In the grip of this Private Spirit, and prejudice, it no wonder that the letter then ranges over accusations unsupported by the text before them about departing from the Good Friday Agreement or the European Convention on Human Rights: indeed it has been observed that the Bill they have recently rejected supports the Good Friday Agreement against attack from the European Union, but in the grip of fixed prejudice there is no reasoning.
The final observation of the Archbishops’ letter is one which would have Hobbes guffawing at it follow:
“If carefully negotiated terms are not honoured and laws can be “legally” broken, on what foundations does our democracy stand?”
The humblest workman in his parlour knows what democracy is. Democracy entrusts the making and unmaking of laws, and the supervision of government, to elected representatives. That is a plain definition. Its foundation stands on free voting and acceptance of the system. It has nothing whatsoever with international treaties, and those treaties are not law, as I have observed before, nor can they be, as Hobbes observes. A treaty, however solemnly negotiated and signed, is a thing made without the involvement of the House of Commons – it is in effect then a negation of democracy, and if democracy had its hands tied by a treaty signed by the government or its ambassador, then democracy is castrated.
Invoking the name of “democracy” to support a political proposition is a form of idolatry.
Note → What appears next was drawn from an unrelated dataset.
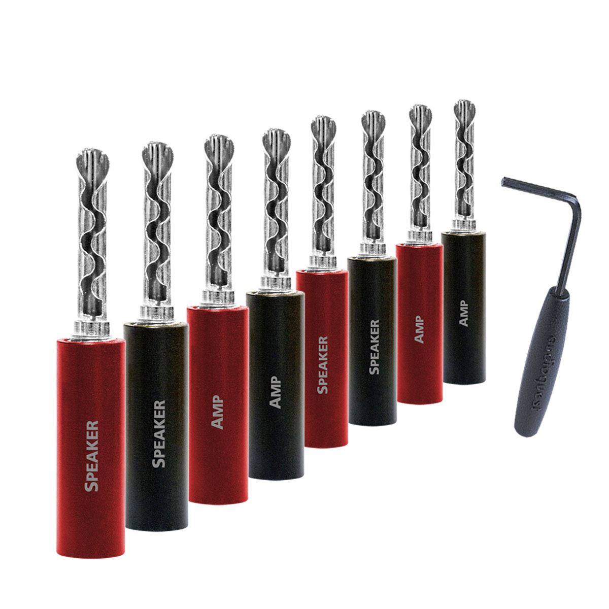 Koristite AudioQuest SureGrip 100 Banana konektore za stvaranje sigurnog i veze visokih performansi između vašeg zvučničkog kabla i zvučnika. AudioQuest koristi visokokvalitetni berilijumski bakar kao osnovni materijal, koji je jači, provodljiviji i zvuči bolje od uobičajenog fosfor-bronza koji se koristi u većini konektora. Direktno pozlaćivanje/srebro-plating izgleda odlično i izbegava zvučno štetne posredničke slojeve lošijeg metala. Uključeni mini ključ omogućava jednostavno i sigurno povezivanje bez potrebe za štetnim lemljenjem. Goli zvučni kablovi su neuredni i nepouzdani. Kompatibilni su sa univerzalnim zvučnim terminalima i kablovima do 6 mm², a AudioQuest SureGrip 100 konektori pružaju čist i gotov izgled uz obezbeđivanje izvrsnih zvučnih performansa.

There may be a moral element to keeping to treaties, as there may be a moral cause for departing from an ill-starred treaty, and there may be a word for it that the bishops can choose – it may be ‘honorificabilitudinitatibus’, but it is not ‘democracy’.
For the errours of Definitions multiply themselves, according as the reckoning proceeds; and lead men into absurdities, which at last they see, but cannot avoyd, without reckoning anew from the beginning; in which lyes the foundation of their errours. … in the right Definition of Names, lyes the first use of Speech; which is the Acquisition of Science: And in wrong, or no Definitions’ lyes the first abuse; from which proceed all false and senslesse Tenets;
Leviathan
To mend this follies amongst senior clergy will not be easy. They are too deep, and re-enforced by the collegiate habits of office. The Archbishop of Canterbury is a profoundly intelligent man, but I venture to say is prey to the same failings as any man, and to write this I am aware of my own failings in that way too.